━━ Supplied material ━━
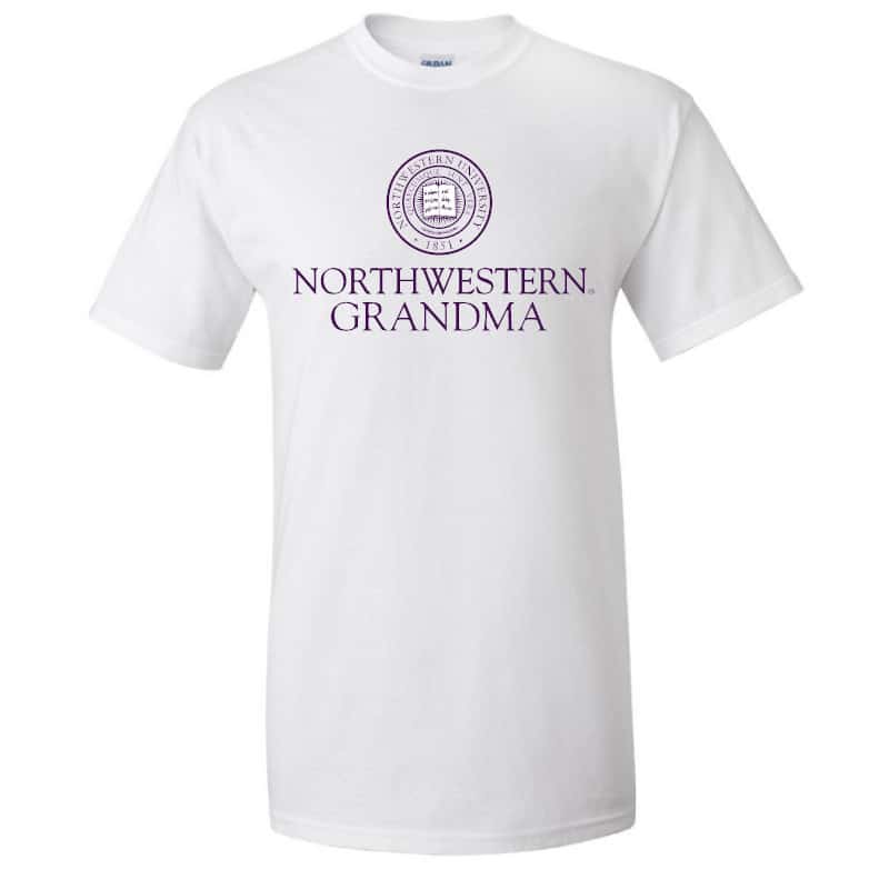 Northwestern University Wildcats White Short Sleeve Tee Shirt with Grandma Design
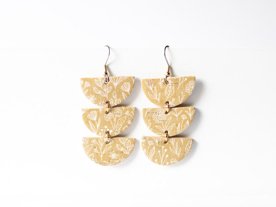 Leather Earrings / Tri Luna / Straw Flowers Cork
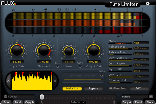Full control over the processing - In addition to the common controls on a limiter; Input, Output, Threshold and Knee, Pure Limiter offers control over the fundamental characteristics of the processing, all in order to provide full control over the processing even in the most demanding situations.
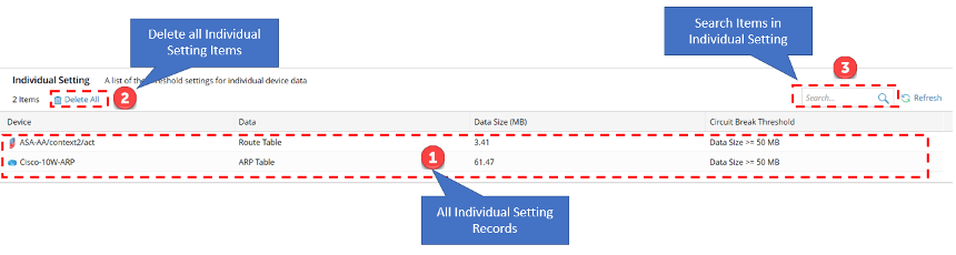 All manually changed threshold settings will be recorded in the Individual Setting table with the following features:
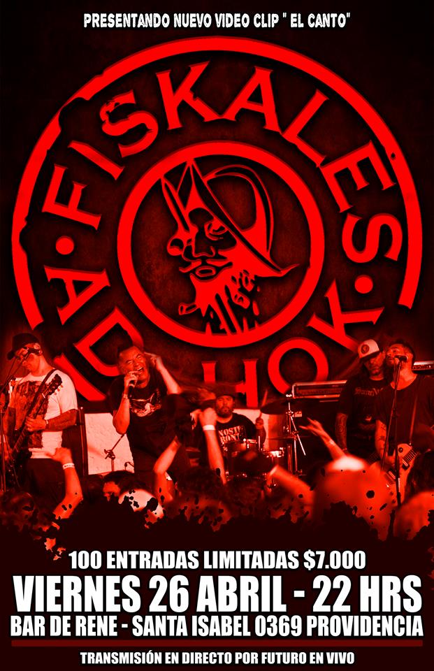 Noticias Fiskales Ad-Hok se presentarán en Bar de René y Futuro transmitirá en vivo Este viernes 26 de abril puedes ver a la emblemática banda en el local o vía Facebook Live de La Radio del Rock. Por Diego Puebla Hernández | 24 Abr, 2019. 13:41 hrs Este viernes 26 de abril puedes ver a la emblemática banda en el local o vía Facebook Live de La Radio del Rock. La emblemática agrupación de hardcore punk, Fiskales Ad-Hok, se presentarán en un íntimo show en Bar de René ubicado en Santa Isabel 369, comuna de Providencia. Esta ocasión servirá para abrir los fuegos de las sesiones Futuro Bar de René, que se transmiten en vivo y en directo por Facebook Live de La Radio del Rock. Las entradas están a 7.000 pesos en el mismo recinto, contactando a Somos Los Fiskales en Facebook o en las tiendas Cyco Récords Eurocentro y Cyco Récords Portal Lyon. Fiskales Ad-Hok Whatever: Felipe Avello sacó risas presentando su nuevo programa de televisión en inglés Dos canales nacionales se unen para la transmisión de Copa América Sigue a FUTURO.cl en Google Discover Recibe nuestros contenidos directamente en tu feed. Seguir en Google Contenido patrocinado
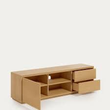 Mueble TV Abilen 1 puerta y 2 cajones de chapa de roble 150 x 44 cm FSC 100% | Kave Home Spain
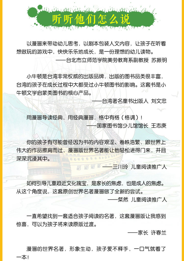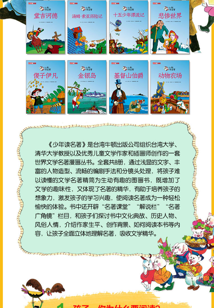 《少年读名著》是台湾牛顿出版公司组织台湾大学、清华大学教授以及优秀儿童文学作家和插画师创作的一套世界文学名著漫画丛书。全套共8册,分别是《堂吉诃德》《十五少年漂流记》《悲惨世界》《汤姆·索亚历险记》《动物农场》《金银岛》《傻子伊凡》《基督山伯爵》。 本书通过浅显的文字、丰富的人物造型、流畅的编剧手法和分镜头处理,将原本难以读懂的文学名著精简为生动有趣的图画书,既降低了阅读难度,增加了文学的趣味性,又体现了名著的精华。富有张力的插画有助于培养孩子的想象力,激发孩子的学习兴趣,使阅读名著成为一种轻松愉快的体验。书中还开辟了“名著课堂”“解说栏”“名著广角镜”栏目,和孩子们探讨书中文化典故、历史人物、风俗人情,介绍作家生平、创作背景、如何阅读本书等内容,及名著相关趣味链接等延伸阅读,让孩子全面立体地理解名著,吸收文学精华。
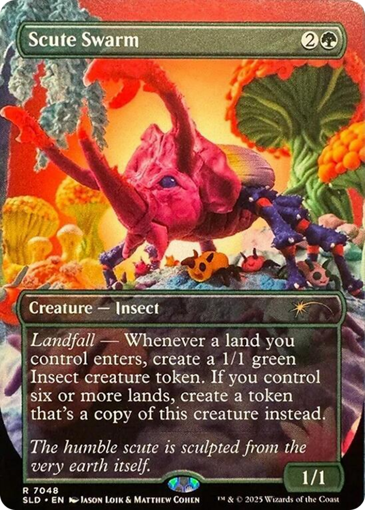 Landfall — Whenever a land you control enters, create a 1/1 green Insect creature token. If you control six or more lands, create a token that's a copy of this creature instead.
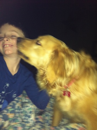 I hope you remember us. It’s Katherine Rogers, and we got our precious girl Rosebud from you last year March 2010. I am sorry it has taken me Soo long to write and send some pictures and give you all an update. As you may remember I got Roaebud for my son Slade, who is severely developmentally delayed. These two are the best of friends. I did continue with a professional trainer to be specific to Slade’s needs and our routine. Rosebud is even a certified Therapy dog! But there have been other surprises as well….Slade started having pretty bad and frequent seizures about 6 months ago. And when Slade starts to have one Rosebud lays across him. It was quite a wonder to be seen. They say dogs have a sense. I was able to get Slade out of my bed at night (something he didn’t like and made me nervous). What if I didn’t hear him or something was wrong?
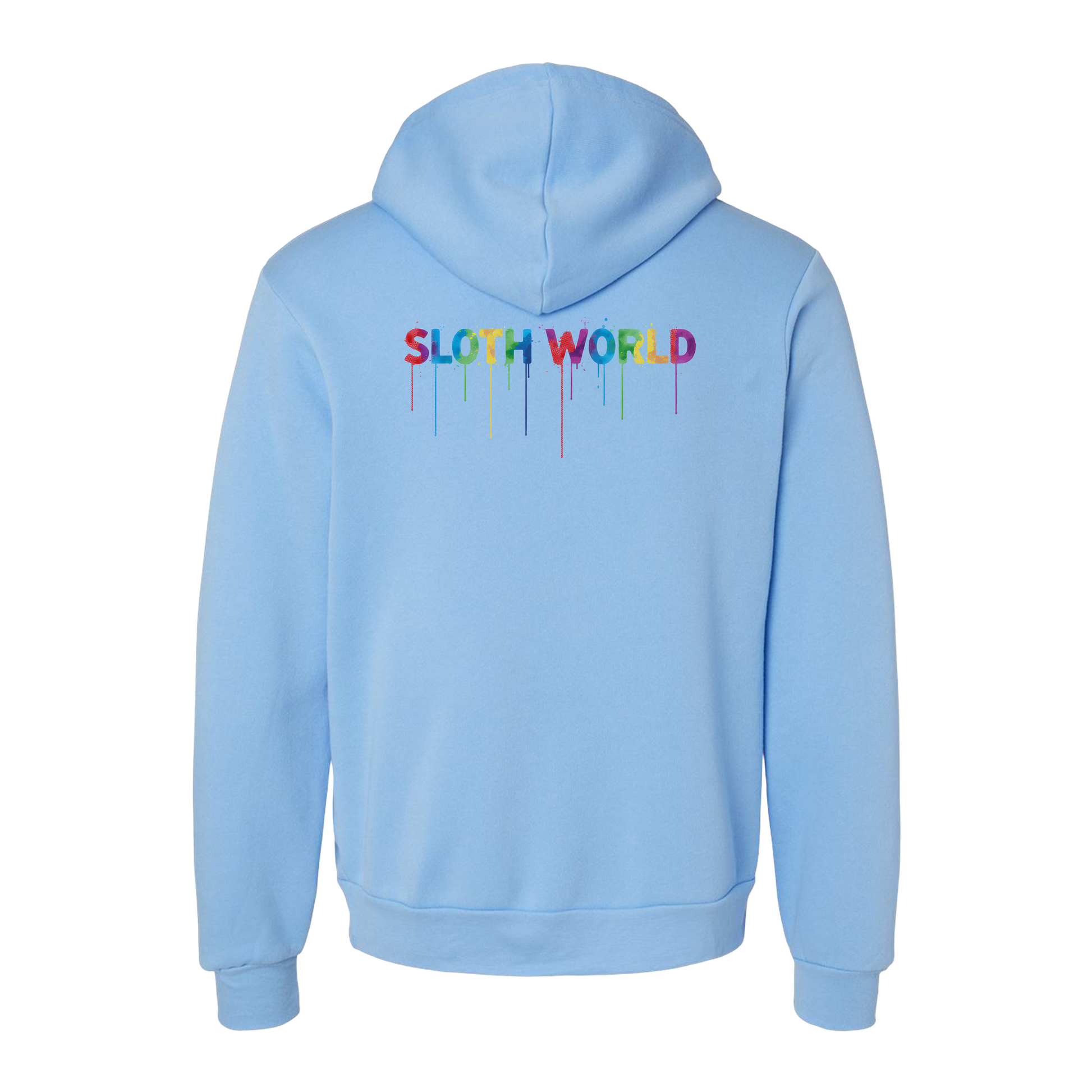 This cozy garment features a stunning graphic that is bursting with artistic energy. The central scene showcases adorable sloths nestled within an explosion of watercolor florals and tropical leaves. Every detail is rendered in brilliant, high-saturation hues of the rainbow. Crowned by the "SLOTH WORLD" logo, which is dripping with color, this hoodie is the ultimate happy, warm accessory for those who love color and comfort!
━━━
Directions for this task: Exactly as written above, retype the lines starting at the one holding "Leather Earrings /" and ending at the one holding "Mueble TV Abilen", both included, but not the pictures.

Written response:
 Leather Earrings / Tri Luna / Straw Flowers Cork
Full control over the processing - In addition to the common controls on a limiter; Input, Output, Threshold and Knee, Pure Limiter offers control over the fundamental characteristics of the processing, all in order to provide full control over the processing even in the most demanding situations.
 All manually changed threshold settings will be recorded in the Individual Setting table with the following features:
 Noticias Fiskales Ad-Hok se presentarán en Bar de René y Futuro transmitirá en vivo Este viernes 26 de abril puedes ver a la emblemática banda en el local o vía Facebook Live de La Radio del Rock. Por Diego Puebla Hernández | 24 Abr, 2019. 13:41 hrs Este viernes 26 de abril puedes ver a la emblemática banda en el local o vía Facebook Live de La Radio del Rock. La emblemática agrupación de hardcore punk, Fiskales Ad-Hok, se presentarán en un íntimo show en Bar de René ubicado en Santa Isabel 369, comuna de Providencia. Esta ocasión servirá para abrir los fuegos de las sesiones Futuro Bar de René, que se transmiten en vivo y en directo por Facebook Live de La Radio del Rock. Las entradas están a 7.000 pesos en el mismo recinto, contactando a Somos Los Fiskales en Facebook o en las tiendas Cyco Récords Eurocentro y Cyco Récords Portal Lyon. Fiskales Ad-Hok Whatever: Felipe Avello sacó risas presentando su nuevo programa de televisión en inglés Dos canales nacionales se unen para la transmisión de Copa América Sigue a FUTURO.cl en Google Discover Recibe nuestros contenidos directamente en tu feed. Seguir en Google Contenido patrocinado
 Mueble TV Abilen 1 puerta y 2 cajones de chapa de roble 150 x 44 cm FSC 100% | Kave Home Spain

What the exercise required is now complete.